14 Ottobre 2021 - 12:00 / 13:30
Aula Polivalente, Viale Romania
Speaker: Anna Grosman , University of Loughborough
Authors:
Simon Porcher (Sorbonne Business School, IAE Paris, France)
Anna Grosman (Loughborough University London, UK)
Jean-Loup Richet (Sorbonne Business School, IAE Paris, France)
Abstract
With the COVID-19 pandemic, we have witnessed a plethora of policies deployed by the governments to curb the spread of the virus and simultaneously sustain the fledgling economies.

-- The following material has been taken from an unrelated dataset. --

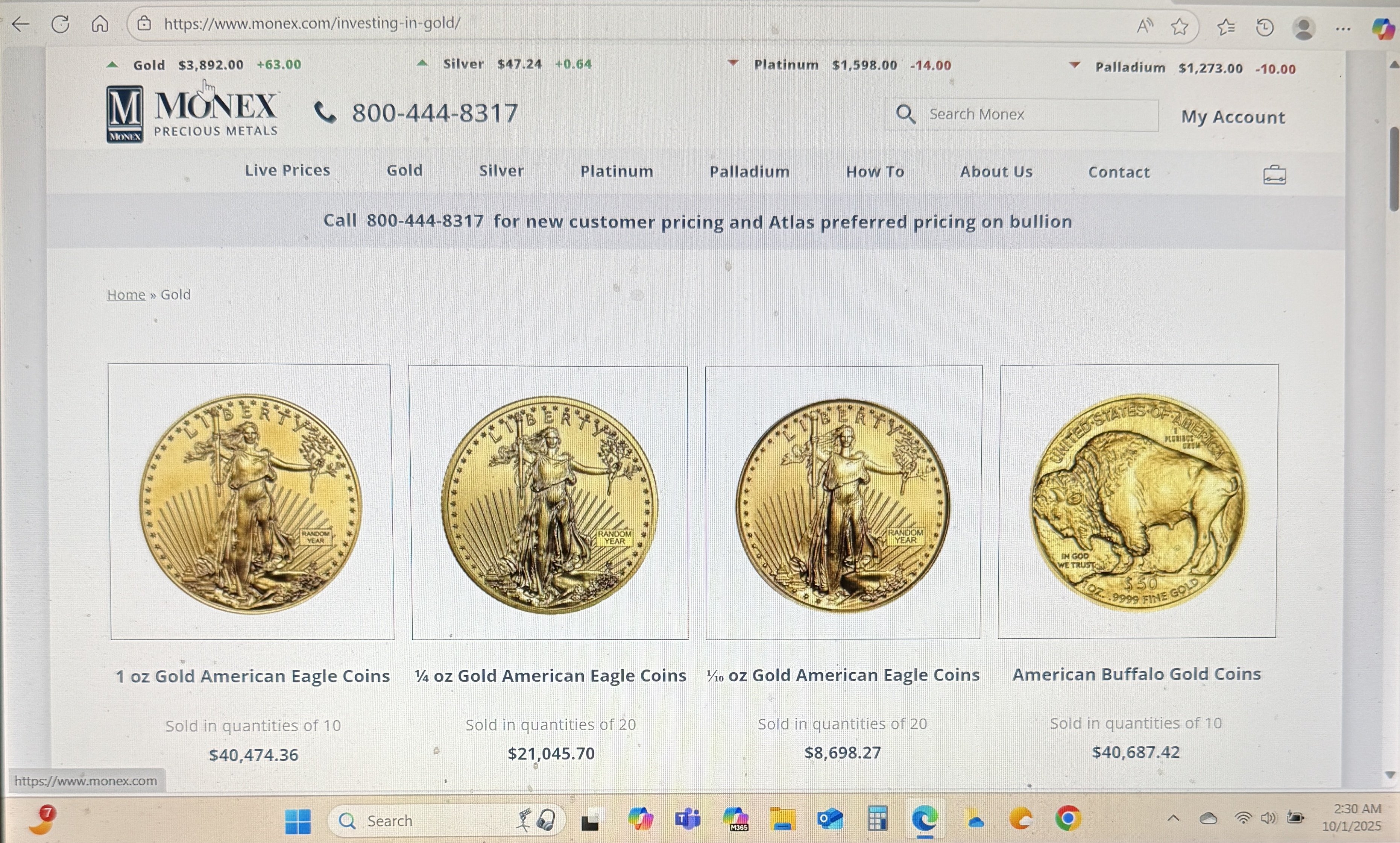 In meantime gold now 3892 today October 1st 2025.

One of the tactics deployed by the governments related to slowing down the spread of the virus by tracing the contacts of individuals who were in proximity with those people that have been tested positive for COVID-19. Countries showed uneven success. The UK, for instance, has failed to take it off due to a number of mishaps, which may have contributed to a rapid spread of the virus and the highest death toll in Europe before the rollout of the vaccination programme bore fruit. South Korea and Japan, took a more interventionist approach and were amongst the most successful cases of tracing technology adoption. The variety in responses was not only related to the extent to which the countries were impacted by the pandemic, but also by the way in which the governments decided to intervene in the management of this crisis. Hence, in this article, we analyze the variation in contact tracing technologies across countries. We propose that the type and quality of government intervention drive the differences in the rates of diffusion and adoption of contact tracing apps across countries. We explain this as an outcome of the complex signaling problems and institutional drivers related to the nature of governments’ intervention. We test our hypotheses on a unique, self-assembled dataset of contact tracing apps and their governments’ characteristics across a large number of countries. The signaling mechanisms deployed by the governments seem to have varying effects on the success of contact tracing technologies, with trust and privacy being the major drivers in adoption by citizens of such technologies. We find that the success of tracking strategies is inversely related to the quality of institutions – more statist countries fared better than less interventionist, more liberal economies.